Scientific and cognitive modelling

What is a model good for?

One of the most basic problem in scientific inference is the so-called inverse problem: How to figure out causes from observations. It is a problem, because many different causes can produce the same evidence. So while it can be easy to go forward from a known cause to predicted observations, it can very hard to go backwards from observation to cause (McElreath, 2020).

So far, we have only considered statistical models. These models are useful devices to describe associations, but they tell us nothing about how these associations arise. In the last part of the course, we will focus on process models, aiming at describing the mechanisms generating the data (generative models).

Two-alternative forced choice

Two-alternative forced choice (2AFC) is a method for measuring the sensitivity of a person or animal to some particular sensory input, stimulus, through that observer’s pattern of choices and response times to two versions of the sensory input. At each trial, the participant is forced to choose between two alternatives. For instance, in the random dot motion coherence task (below), the participant must make a choice response between two directions of motion (e.g., up or down or left or right), usually indicated by a motor response such as a saccade or pressing a button.

Reaction times

Reaction times (RTs) distributions are generally positively skewed, with the skewness increasing with task difficulty. We also know that the mean of the RTs is proportional to the standard deviation of the RTs.

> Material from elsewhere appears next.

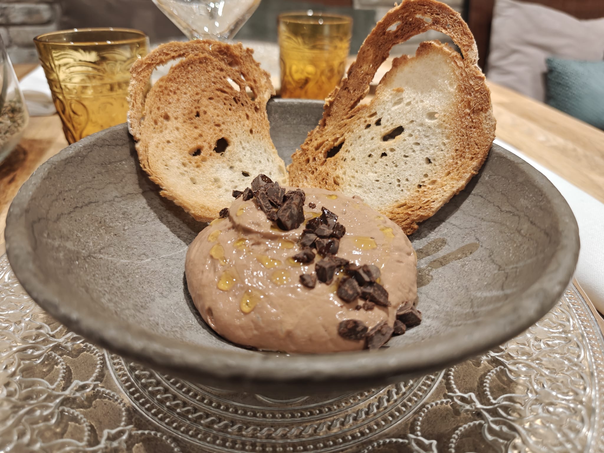 En la base un cremoso de AOVE, cubierto con un espuma de chocolate, AOVE y sal en escamas. Lo acompañamos con dos tostadas crujientes de pan.
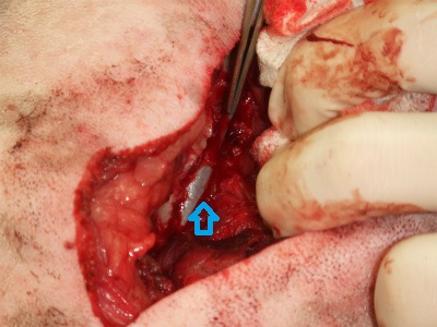 MRI検査で確認した通り、神経が椎間板物質によって圧迫を強く受けていました。青い矢印は、椎間板物質を取り除いたことで元の正常な形状に戻った神経です。

Increases in the difficulty usually lead to increased RTs and decreased accuracy. Moreover, changes in difficulty also produces regular changes in the distribution of RTs, most notably in its spread but not much in its shape (for a review, see Forstmann et al., 2016). Moreover, we often find a speed-accuracy trade-off in these tasks.

The use of simple statistical model (e.g., only analysing differences in group-level average RTs across conditions) is severely limited in such tasks. Therefore, several models have been proposed to account for the peculiarities of the data coming from these tasks as well as to relate it to the underlying cognitive processes.

Assumptions

There are typically three assumptions made by evidence accumulation models:

Evidence favouring each alternative is integrated over time
The process is subject to random fluctuations
The decision is made when sufficient evidence has accumulated favouring one alternative

Drift-diffusion model

The drift-diffusion model (DDM) is a continuous-time evidence accumulation model for binary choice tasks (Ratcliff, 1978). It assumes that in each trial evidence is accumulated in a noisy (diffusion) process by a single accumulator. As shown below, evidence accumulation starts at some point (the starting point or “bias”) and continues until the accumulator hits one of the two decision bounds in which case the corresponding response is given. The total response time is the sum of the decision time from the accumulation process plus non-decisional components (Vandekerckhove et al., 2010; Wabersich & Vandekerckhove, 2014; Wagenmakers, 2009). This kind of model provides a decomposition of RT data that isolates components (of processing) from stimulus encoding to decision so that they can be studied individually (Ratcliff & McKoon, 2008; Wagenmakers et al., 2007).

Drift-diffusion model

In sum, the original DDM allows decomposing responses to a binary choice tasks and corresponding response times into four latent processes (from Singmann, 2017):¹

The drift rate \(\delta\) (delta) is the average slope of the accumulation process towards the boundaries (i.e., it represents the average amount of evidence accumulated per unit time). The larger the (absolute value of the) drift rate, the stronger the evidence for the corresponding response option (thus quantifying the “ease of processing”).
The boundary separation \(\alpha\) (alpha) is the distance between the two decision bounds and can be interpreted as a measure of response caution, with a high \(\alpha\) corresponding to high caution.
The starting point (or bias) \(\beta\) (beta) of the accumulation process is a measure of response bias towards one of the two response boundaries.
The non-decision time \(\tau\) (tau) captures all non-decisional processes such as stimulus encoding and (motor) response processes.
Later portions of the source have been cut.